GIVEN DATA:
BEGIN
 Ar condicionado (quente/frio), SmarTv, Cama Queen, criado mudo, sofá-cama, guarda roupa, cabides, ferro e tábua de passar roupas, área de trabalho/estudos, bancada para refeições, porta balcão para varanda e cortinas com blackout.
END
BEGIN
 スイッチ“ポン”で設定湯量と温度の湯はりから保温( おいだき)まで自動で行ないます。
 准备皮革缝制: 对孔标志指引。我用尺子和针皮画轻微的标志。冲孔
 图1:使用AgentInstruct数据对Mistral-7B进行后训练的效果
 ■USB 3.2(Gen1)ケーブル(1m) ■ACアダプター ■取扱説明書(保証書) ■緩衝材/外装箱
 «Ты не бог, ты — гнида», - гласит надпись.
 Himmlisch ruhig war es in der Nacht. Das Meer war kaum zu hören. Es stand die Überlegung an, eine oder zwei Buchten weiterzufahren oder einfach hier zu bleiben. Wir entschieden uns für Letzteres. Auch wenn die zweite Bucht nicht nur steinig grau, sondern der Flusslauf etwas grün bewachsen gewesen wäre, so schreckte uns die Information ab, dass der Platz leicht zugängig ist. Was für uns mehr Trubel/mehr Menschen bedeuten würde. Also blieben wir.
END
BEGIN
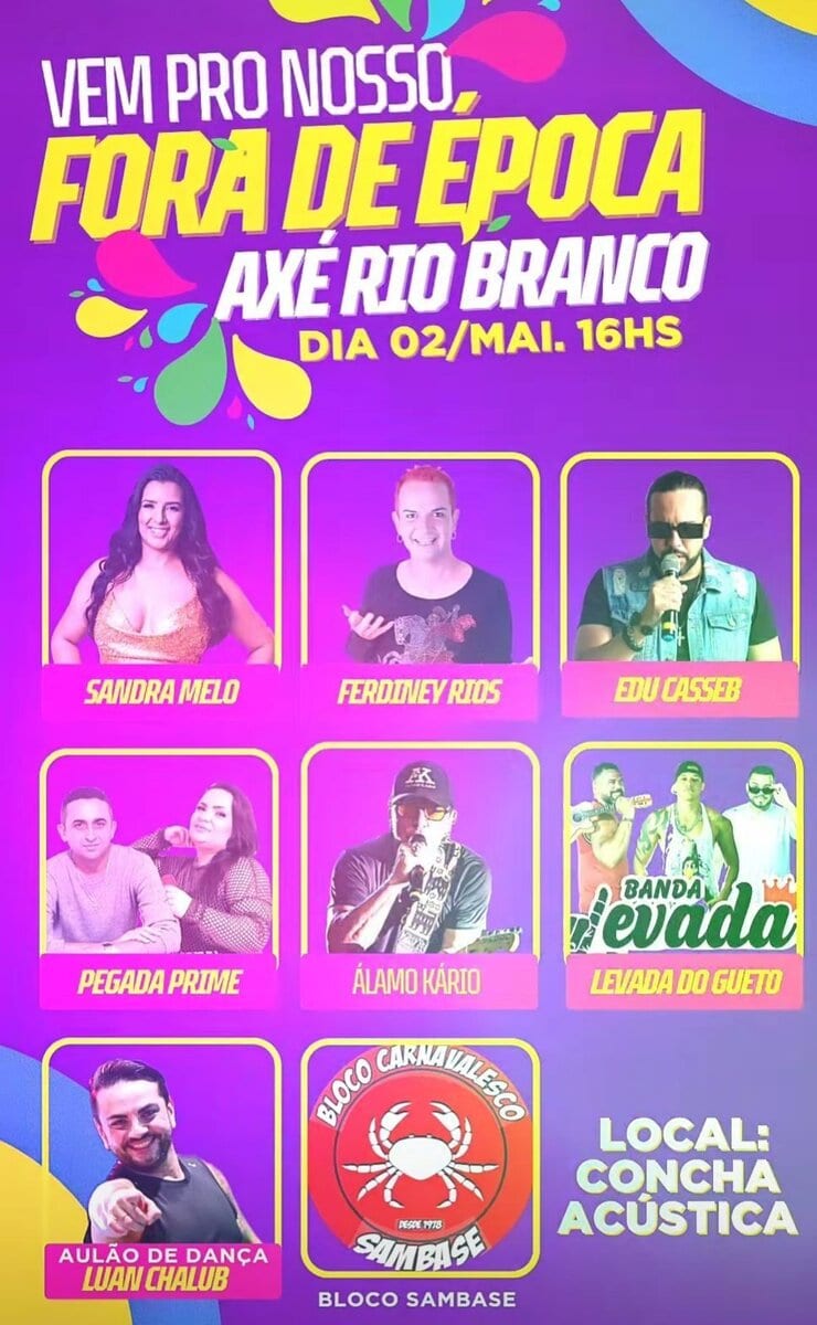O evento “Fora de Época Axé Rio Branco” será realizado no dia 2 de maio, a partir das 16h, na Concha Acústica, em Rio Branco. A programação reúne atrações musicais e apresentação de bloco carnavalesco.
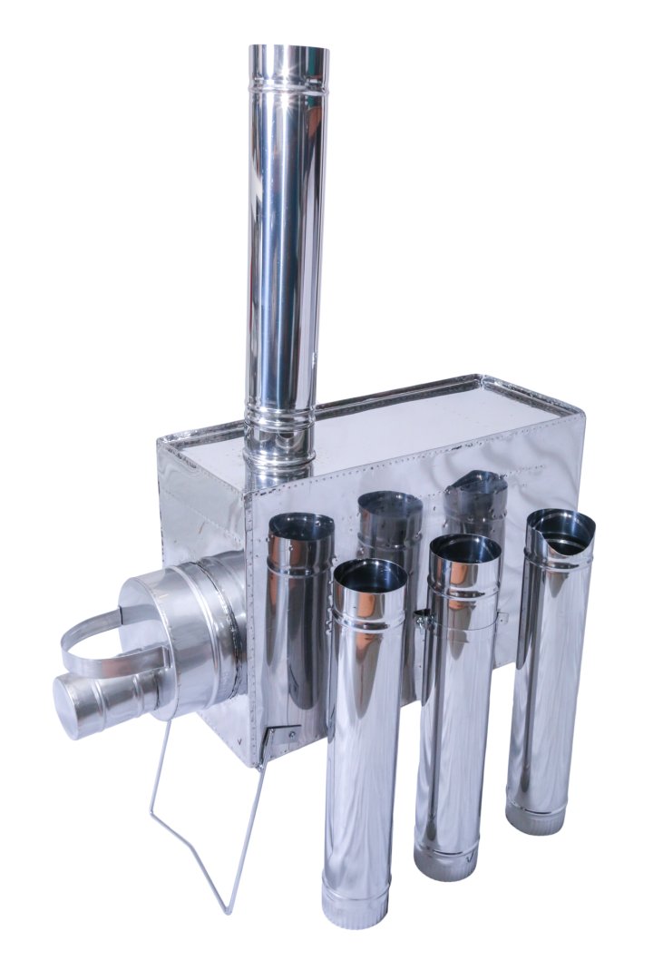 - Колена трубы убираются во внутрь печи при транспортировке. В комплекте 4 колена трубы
END
Starting with the line above that holds "准备皮革缝制: 对孔标志指引。我用尺子和针皮画轻微的标志。冲孔" and stopping with the line that holds "Himmlisch ruhig war", reproduce each line exactly, omitting all other lines.

ANSWER TO THIS PROBLEM:
 准备皮革缝制: 对孔标志指引。我用尺子和针皮画轻微的标志。冲孔
 图1:使用AgentInstruct数据对Mistral-7B进行后训练的效果
 ■USB 3.2(Gen1)ケーブル(1m) ■ACアダプター ■取扱説明書(保証書) ■緩衝材/外装箱
 «Ты не бог, ты — гнида», - гласит надпись.
 Himmlisch ruhig war es in der Nacht. Das Meer war kaum zu hören. Es stand die Überlegung an, eine oder zwei Buchten weiterzufahren oder einfach hier zu bleiben. Wir entschieden uns für Letzteres. Auch wenn die zweite Bucht nicht nur steinig grau, sondern der Flusslauf etwas grün bewachsen gewesen wäre, so schreckte uns die Information ab, dass der Platz leicht zugängig ist. Was für uns mehr Trubel/mehr Menschen bedeuten würde. Also blieben wir.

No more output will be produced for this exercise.